飼い始めたイケメンがずっとくっついて離れてくれない。
 ――ごめんね猫ちゃん きっと君がいたら寂しくないんだろうけど

 自分の失言を思い出して顔が熱くなる私を、夏宮くんは嬉しそうに見る。

「俺ちゃんとトイレできるし、その辺の犬猫よりおりこうさんだよ?なんとかして普通の人間に戻る方法探すから、それまで。ね?」

「いや、でも……っ」

 男の子を家に住まわせるなんて……!

「……凛」

「!」

 その時、いつも夏宮くんがまとってる気だるげな空気が消えて、ピンと張りつめたものに変わった。

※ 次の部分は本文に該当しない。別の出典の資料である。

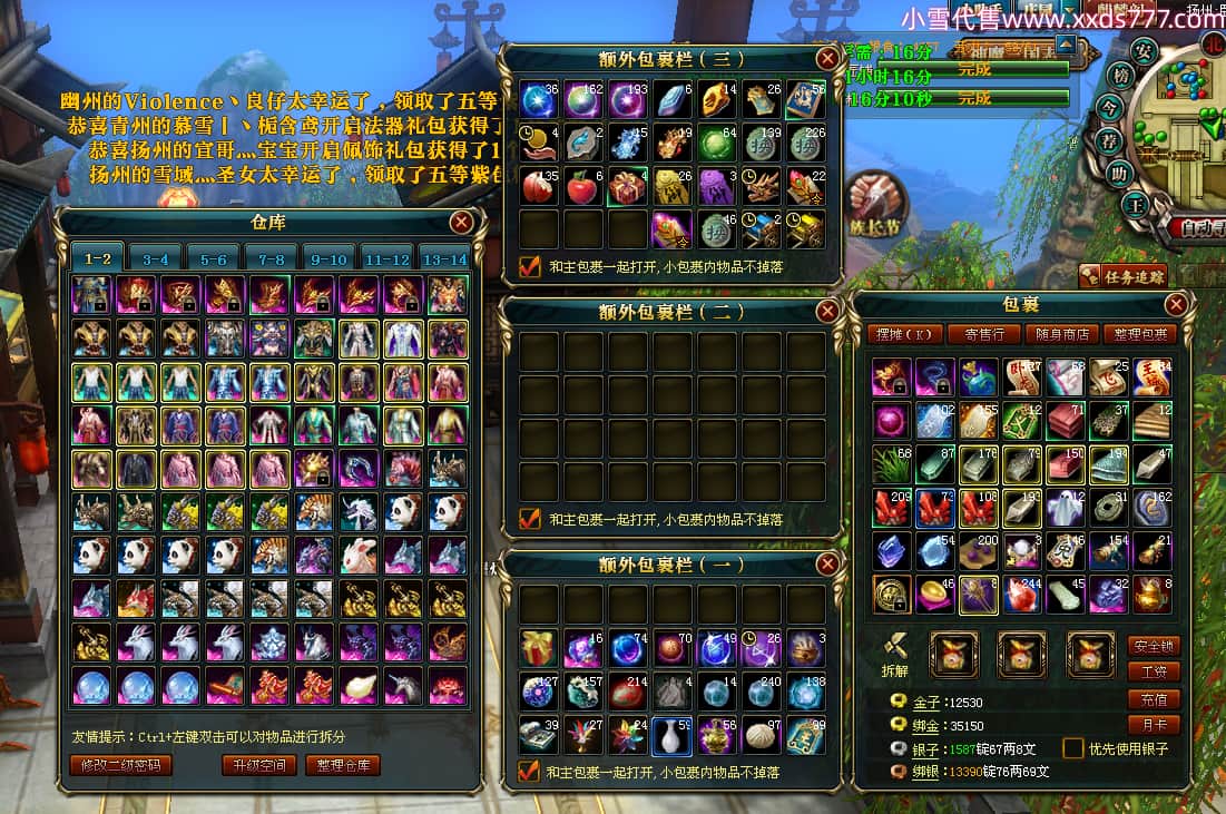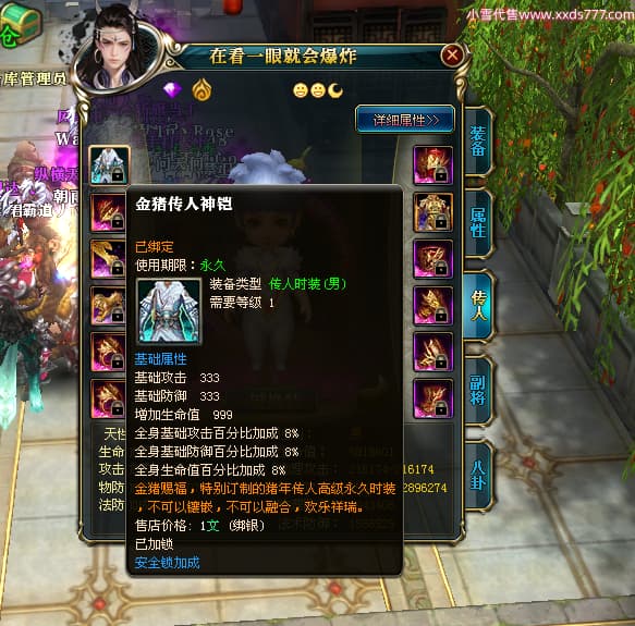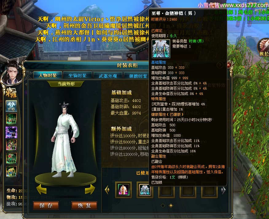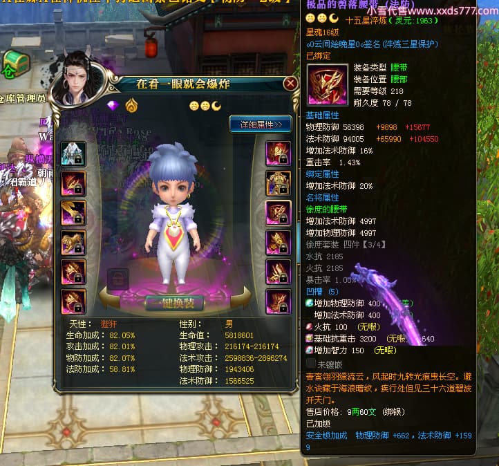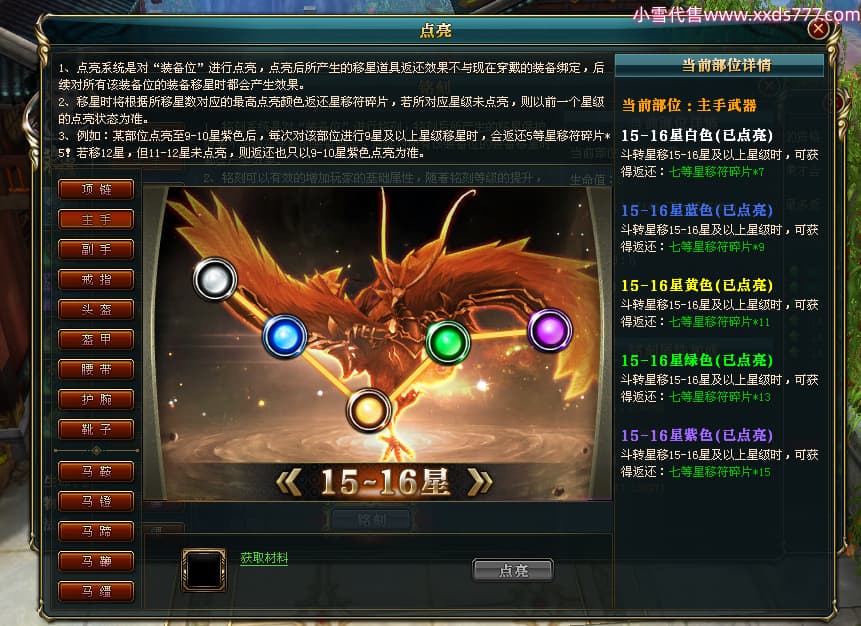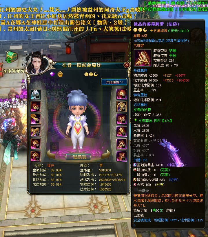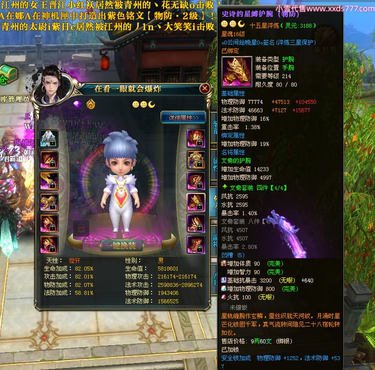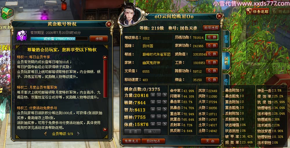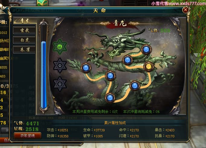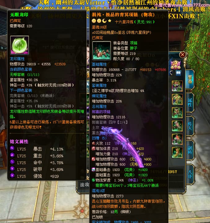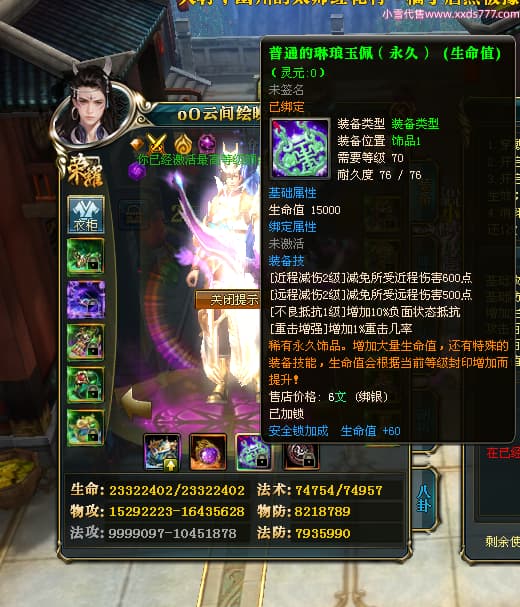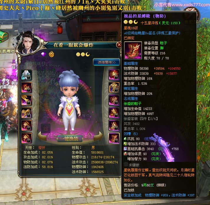 编号X23848 oO云间绘晚星Oo 龙啸风云 扬州 本国排名84名 23354W战力 人物黄金普通橙15X(7件混沌) 传人史诗紫15X 副将极品紫15X 马普通橙12X 极品紫16披风 人物星魂16级 传人星魂16级 副将星魂9级 马星魂16级 人物铭刻3件16级其余15级 点亮16星 马铭刻15级 点亮12星 人物绿龙印(1件紫龙印) 马绿龙印 六等单双属性神圣完美无暇石头 黄绿孔 已开2次永久15星套
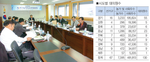 제1기 낙농자조금 대의원 임기 만료가 다가옴에 따라 2기 대의원 선거가 오는 2010년 1월 21일 치러진다. 낙농자조금관리위원회(위원장 이승호)는 지난 10일 제2축산회관 회의실에서 제 4차 관리위원회<사진>를 개최하고 이 같이 결정했다. 이와 함께 개정된 자조금법에 따라 130명의 대의원도 농가수 및 사육두수 비율에 따라 67개 선거구별 대의원수 배분도 확정했다. 시도별 대의원수 배분 현황을 보면 경기도가 가장 많은 16개 선거구에서 55명의 대의원이 배정 받았으며 다음으로는 충남이 11개 선거구에서 23명의 대의원이 배정됐다. 이어 경북과 경남이 각 9개 선거구로 대의원 수는 각각 13명과 9명이며 전북과 전남에서는 각각 9명의 대의원이 배정됐다. 이 밖에도 충북은 6명, 강원은 5명, 제주에서는 1명의 대의원을 뽑게 된다. 향후 선거 일정을 살펴보면 오는 12월 17일 선거인 명부를 확정하고 12월 22일까지 선거인명부를 비치, 선거 공고에 들어갈 예정이다. 이어 내년 1월 1일까지 대의원 후보자 등록를 받아 1월 21일 대의원 선거를 치르기로 했다. 이에 앞서 대의원 선거를 위해 실시된 전국 낙농가 실태조사에서는 총 7천393농가인 것으로 나타났으며 사육두수는 48만1천813두 였다. |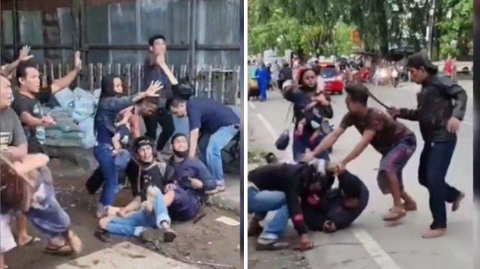 Tampak dari video yang ada, sejumlah orang terlihat membawa senjata tajam, parang, celurit, hingga kayu panjang yang digunakan untuk menyerang salah seorang di antaranya.
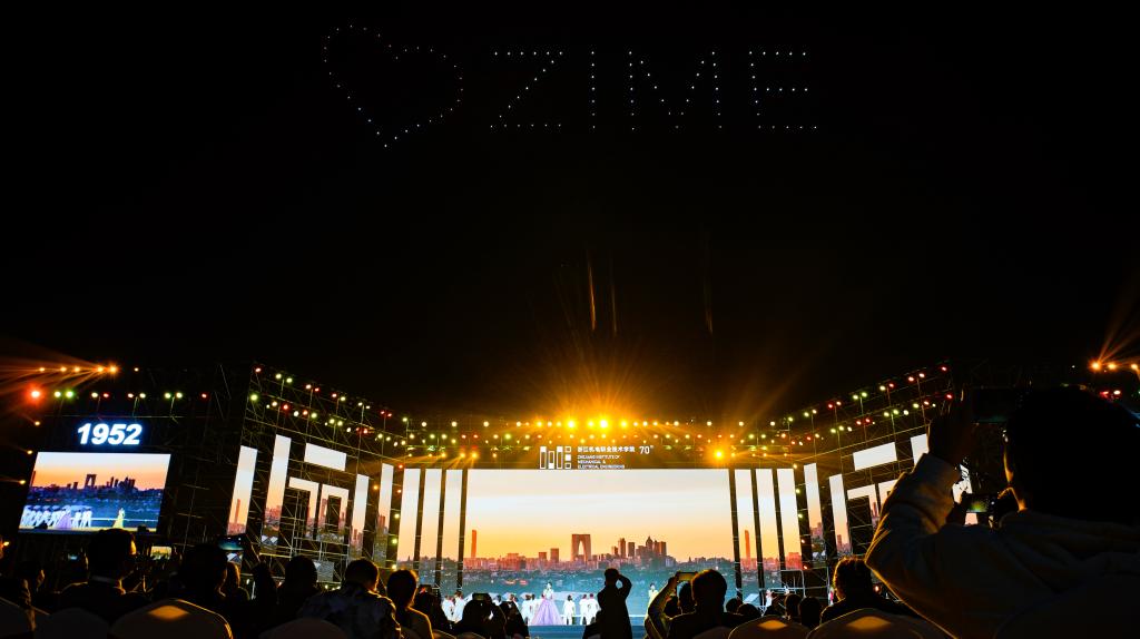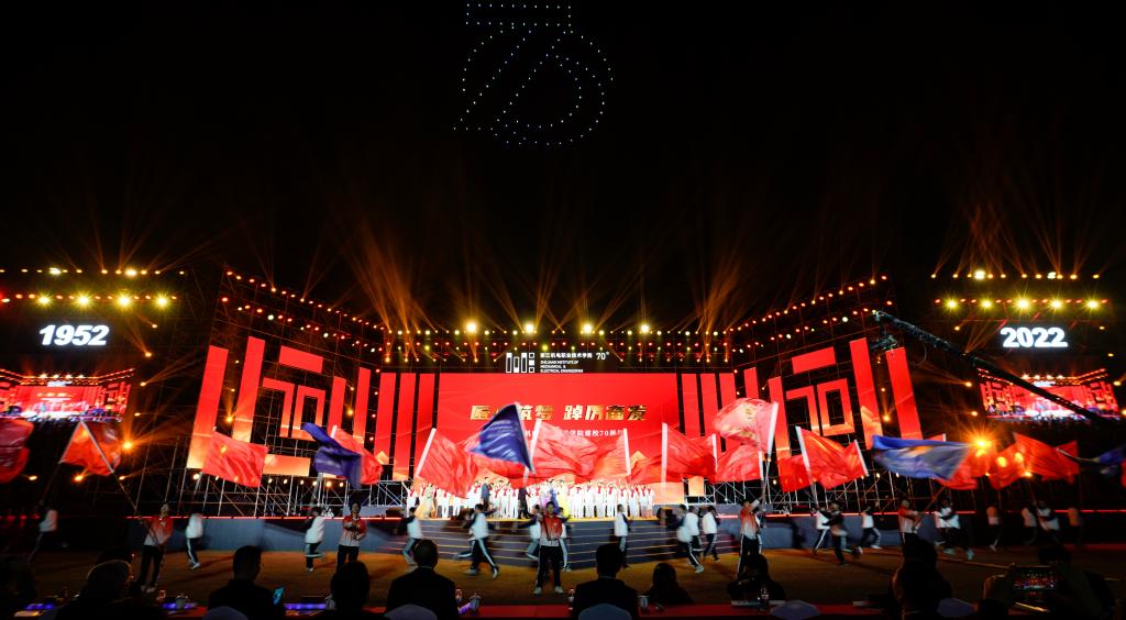 11月19日晚,“匠心筑梦·踔厉奋发”浙江机电职业技术学院建校70周年素质教育成果汇报演出在海宁校区举行。浙江省机电集团董事、总经理杨震宇,海宁市发改局、财政局、人社局、科技局、长安镇、高新区管委会等相关部门负责人,校党委书记汤兆武、校长贺星岳,校领导班子成员周增逵、丁明军、王斌、邓劲莲等,校友代表,校职能部门、二级学院相关负责人,教职工、在校生代表等在现场观看演出。演出还通过凤凰网、官方视频号、官方抖音等同步直播。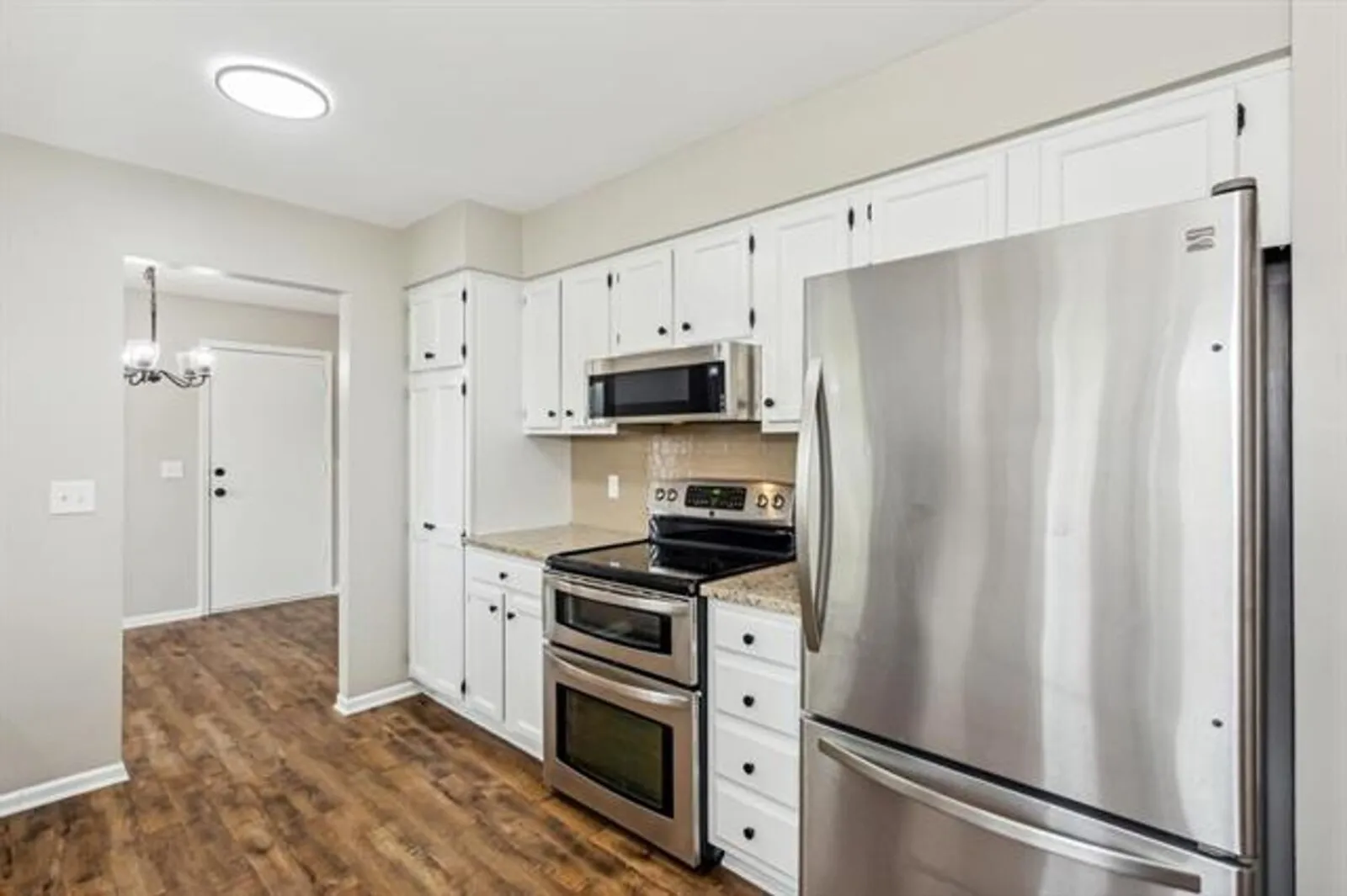 This beautifully remodeled ranch home in Rose Hill offers over 2,600 sq ft of finished living space, plus new features and finishes inside and out. Pull up front and you’ll notice the lovely curb appeal, including fresh exterior paint on the charming partial stone facade. Step inside to find a welcoming living room with a cozy fireplace framed by a striking floor-to-ceiling stone surround and large windows that fill the space with natural light. Fresh interior paint and brand new luxury vinyl flooring flow throughout the main living areas. The well-appointed kitchen offers granite counters, sleek subway tile backsplash, stylish white cabinetry with a pantry, and stainless steel appliances that are all included. The breakfast nook, set by bay windows, is the perfect spot to enjoy your morning coffee while taking in views of the outdoors, and a formal dining room with French doors leads out to the back deck. On the main floor, you’ll find three bedrooms, including the master suite with two closets and a private en suite bath, along with a second full bathroom and a conveniently located laundry room. Head downstairs for even more living space in the spacious family room, which features a second stone fireplace and plenty of room for a home theater, gaming area, or even a ping pong or pool table. A wet bar with an eating bar counter makes this the ideal space for hosting a game night with family or friends. A bonus room provides endless possibilities for an office, home gym, or hobby room. Situated across the street from Perkins Park and close to local schools, restaurants, and more, this home offers both comfort and convenience. Schedule your private showing and come see this one today before it’s gone!

 それまで私の足を挟んでいた夏宮くんの足が移動して、ふくらはぎをふくらはぎで挟むようにして足が絡まる。

「な、夏宮くん……?」

 その肌の密着具合に、心臓がドクドクとどうしようもなく高鳴る。

 そして夏宮くんが、私のより少し大きな男の子らしい手で私の手を取った。

「……!」

 指先から熱が発火して、全身をかけめぐる。

 そして夏宮くんは、私の目をまっすぐにとらえたまま、


「俺のこと、捨てるの……?」


 小首を傾げた。


「……っ」


 あまりの可愛さに、私の頭の中でパンッ!となにかが破裂した。

 
 ……えっ、

 これを断れる人、いますか?

 何も返せない私に、夏宮くんが綺麗な顔をふにゃっと崩して笑う。


「決まり。とりあえずおかわりちょーだい?ご主人さま」


 そう言ってお茶碗を持ち上げる夏宮くんの、その笑顔の爽やかさがいっそ怖かった。